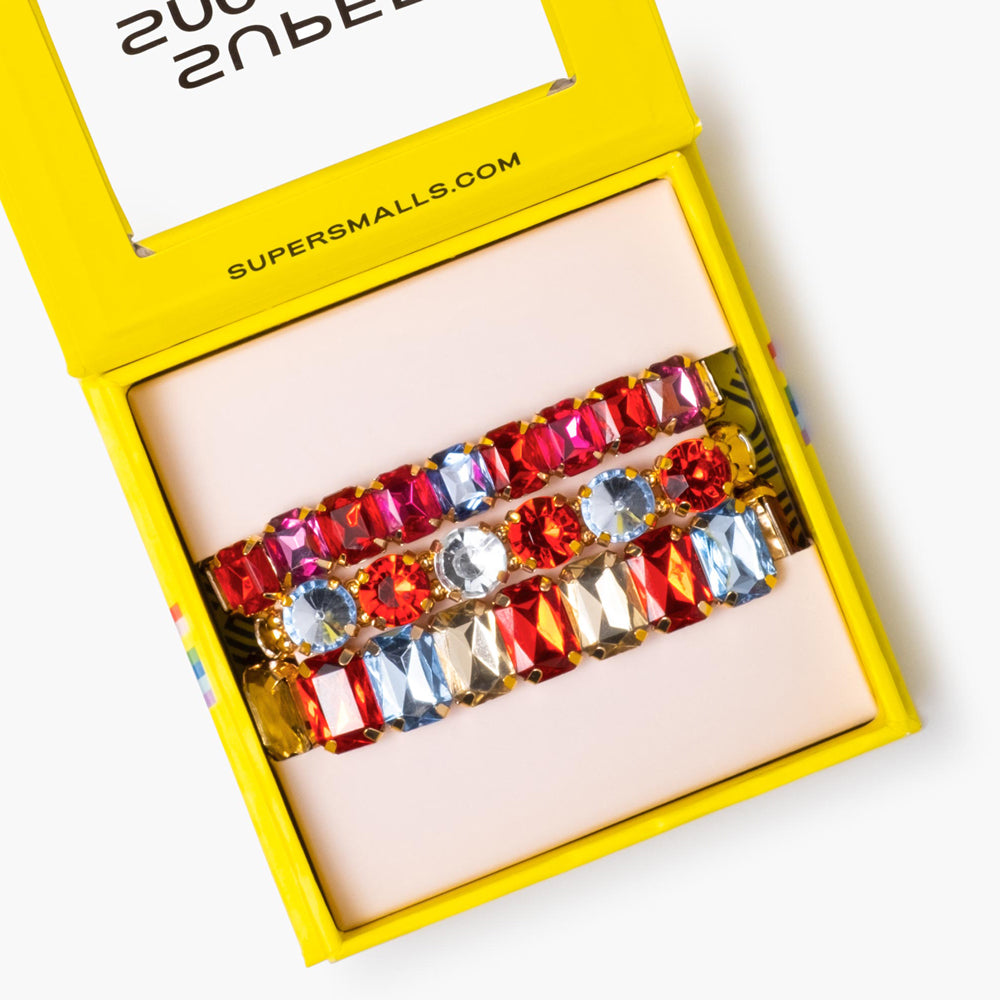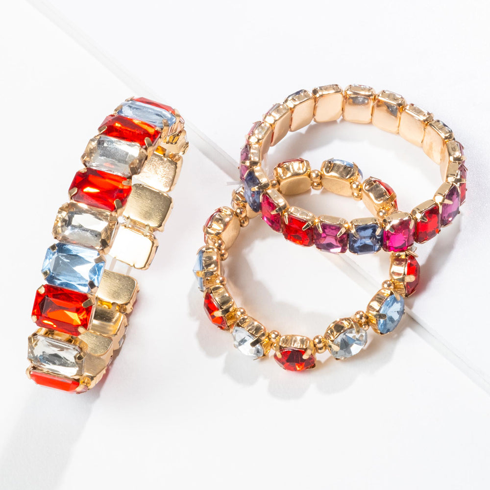 - Three colorful bracelets for fun layering, measuring approx. 3” diameter
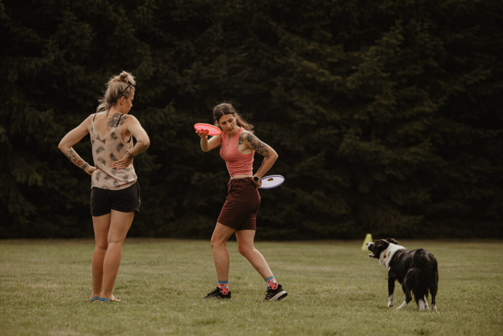 Har din hund svårt att vänta lugnt så är du välkommen att ta med dig en person som kan ta hand om din hund och gå runt med den när du själv kastar frisbee.
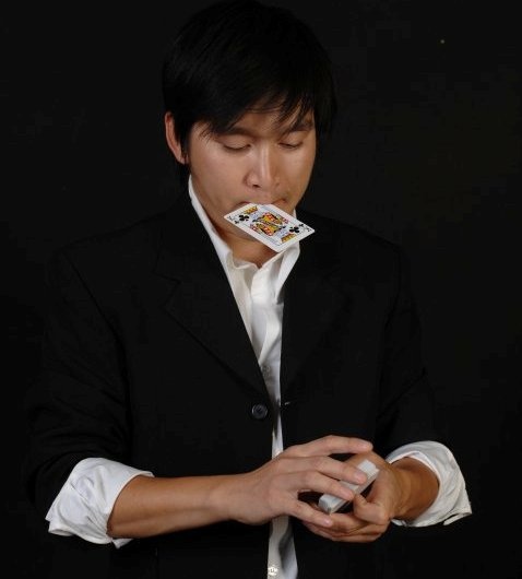 | Palmas Nguyễn biến hóa với bộ bài. Ảnh: Hùng Tiến. |

-- WHAT IS REQUIRED --
Copy the line showing "Har din hund" exactly, along with each line after it through the end of the material above. Pictures stay out.

-- TASK RESPONSE --
 Har din hund svårt att vänta lugnt så är du välkommen att ta med dig en person som kan ta hand om din hund och gå runt med den när du själv kastar frisbee.
 | Palmas Nguyễn biến hóa với bộ bài. Ảnh: Hùng Tiến. |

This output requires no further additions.